Checkout.com reports a 250% increase in online transactions between May 2019 and May 2020, and has made recent investments of its own, such as acquiring ProcessOut to add data analytics to bolster Checkout.com’s payment rails as the company looks to build its footprint in Asia Pacific and other markets. Checkout.com also acquired Australian startup Pin Payments in May, and recently joined Libra, the stablecoin project tied to Facebook. Checkout.com’s Series B round brings its available cash to more than $300 million, giving it space for more investments and product development.

Checkout.com acts as a payments gateway, acquirer and processor through a single channel, covering cards, passthrough wallets, stored value wallets and alternative payment options such as point of sale credit. It charges a fee based on processing and card payment costs rather than the percentage+ model that most payment API companies charge. The model is designed to make the service customized to different merchants and serve as a base to offer other merchant products.
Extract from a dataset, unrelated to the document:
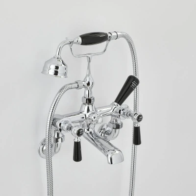 General description The wall-mounted Milano Elizabeth bath shower mixer tap exudes a classic style that will not only enhance the elegance of your bathroom but also provide a luxurious bathing experience. Accentuated by a smart chrome finish, this traditional tap features black ceramic lever handles with matching indices and an attractive hand shower with an ergonomic handle to elevate your bathtime. Technical specifications Material: Premium quality lead-free solid brass Finish: Chrome and black Design: Traditional Handles: Black ceramic lever handles with detailed indices Operation: Clockwise turn for hot water and anticlockwise for cold Technology: Integral ceramic disc technology for drip-free use Pressure: Recommended minimum pressure: 1.0 bar Warranty: Covered for 10 years Compatibility and accessories Includes a telephone style hand shower and hose Diverter to switch between hand shower and tap Compatible with all types of plumbing systems Other information Please note: You

While Stripe’s recent funding included a potential move into merchant credit — and PayPal and Square make merchant credit a major part of their business — Riss said Checkout.com’s focus on enterprise clients meant it was not focused on credit for now.

But he did not rule it out. “As there is more movement of money across an organization that may encompass moving beyond payments as well,” Riss said, adding the new investment built Checkout.com's "war chest" and would bolster payments and merchant technology that needs frequent updating.

The coronavirus shutdowns didn’t just push more people into e-commerce; the pandemic also shifted digital transactions from a value-add to a matter of survival for stores. Even stores that had a website or a buy button didn’t necessarily have a robust way to perform business without access to a building or showroom. That’s left merchants with challenges such as selling and receiving payments online while applying for credit and adhering to new safety regulations.

The showrooms may be reopening, but a portion of consumers will likely avoid stores entirely or will be slow to come back. Channel flexibility and adding new ways to shop and pay have never been more important.

“There used to be a question as to whether digital payment players would be supplanted by the need for many merchants to support face-to-face transactions as well, but now that digital can take place anywhere on nearly any device, it’s possible that the need for traditional POS will decline — and that would change the game to a whole different arena,” said Thad Peterson, a senior analyst at Aite Group.